Great post. It lays down the main issue at present facing EDIG, DM, ans US as shareholders. And your astute question that follows, gives us a clue as to what we can expect...

You asked"

"Can a judge make an assumptive decision?"...

The ASNWER is a definite NO...

Decisions issued by the Judges, even at the Supreme Court Level, can not be ASSUMPTIVE. They have to be based on SUBSTANTIAL EVIDENCE...

The phrase substantial evidence has been defined by the Courts time and again. It is the main tool available to Appellate Courts to look into the decisions below and discern if the the decision was just and equitable...

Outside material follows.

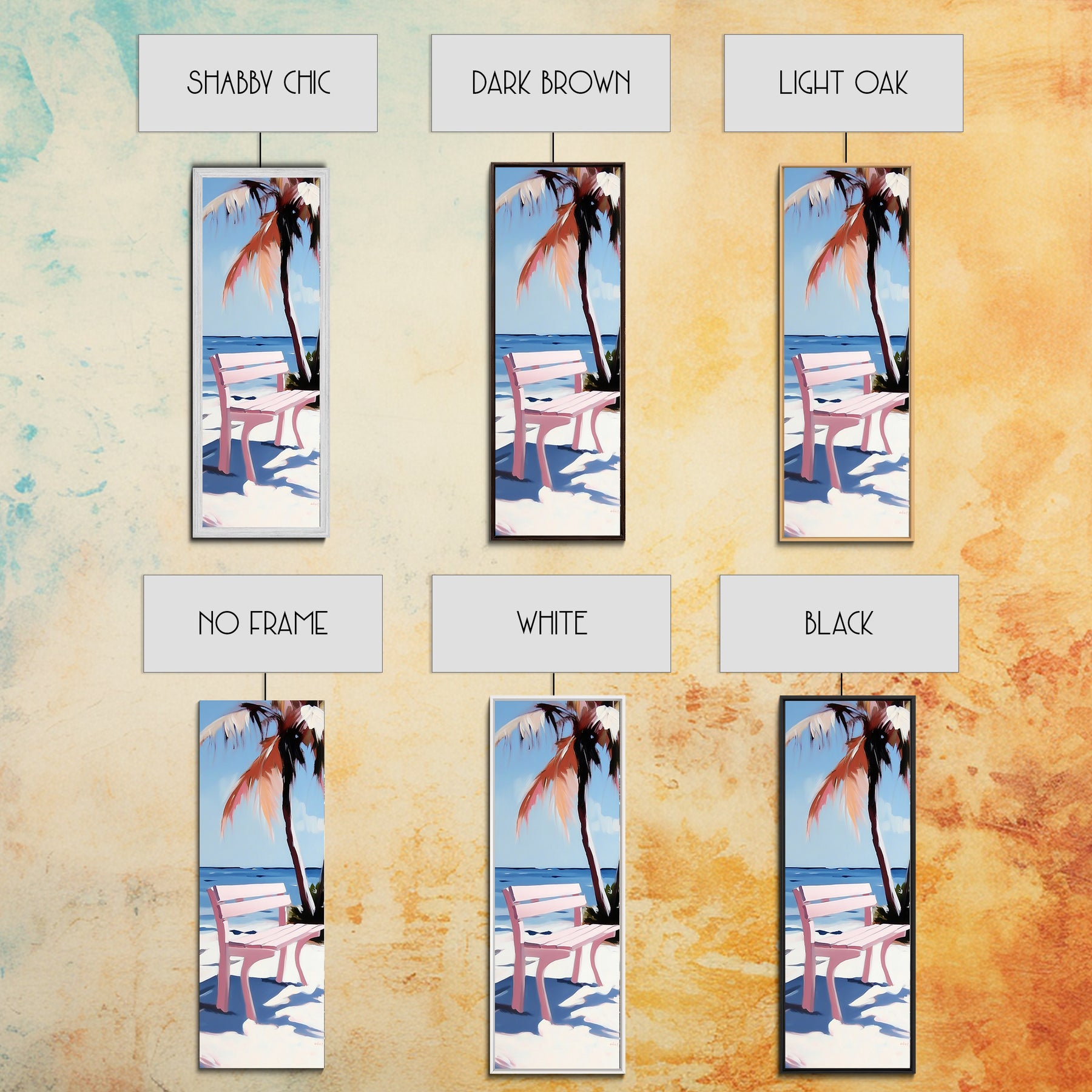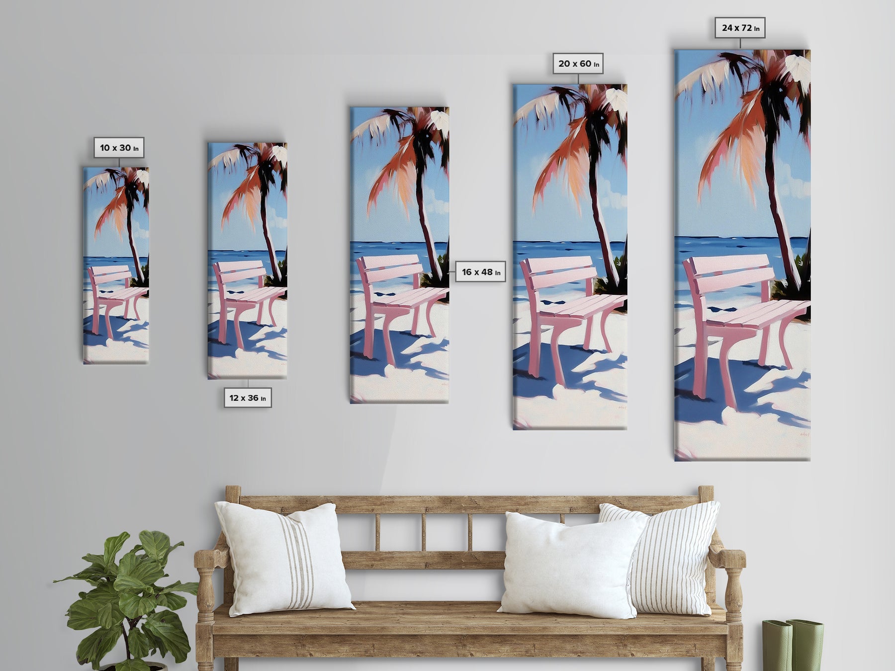Beach Bench, Palm Tree, Ocean View, Framed Canvas Print, Coastal Wall Art, Tropical Decor, Boho Beach Art, Living Room Wall Art

The best explanation of this was given by non other than Justice Oliver Wendel Holmes who observed:

" I recognize without hesitation that judges must and do legilate; but they do this only interstitially; they are confined from molar to molecular motions. They look at the facts of the case before them, and then they extract from the precedents the underlying principle, the ratio decidendi, and aply it to those facts with a view of delivering a reasnable and just judgment." (See, Southern Pacific v. Jensen, (1919) 244 U.S. 205, 221.)

As you have read 774 time and again and have highlighted it, so have I done with the Decision issued by Judge Krieger, and I am positive that decision shall not stand...

At present the judge has made an ASSUMPTIVE DECISION that is not supported by any facts. She admits to this by seeking further input from the parties within 30 days...

If you read her decision in light of what Justice Holmes says she ought to be doing, it is clear that her decision as of now is faulty and will be reversed on appeal. But, she may change her ruling after the 30 days are over and she has read the motion filed by the parties...

If she does not do so then the question facing DM will be should that appeal the NON-DECISION right away...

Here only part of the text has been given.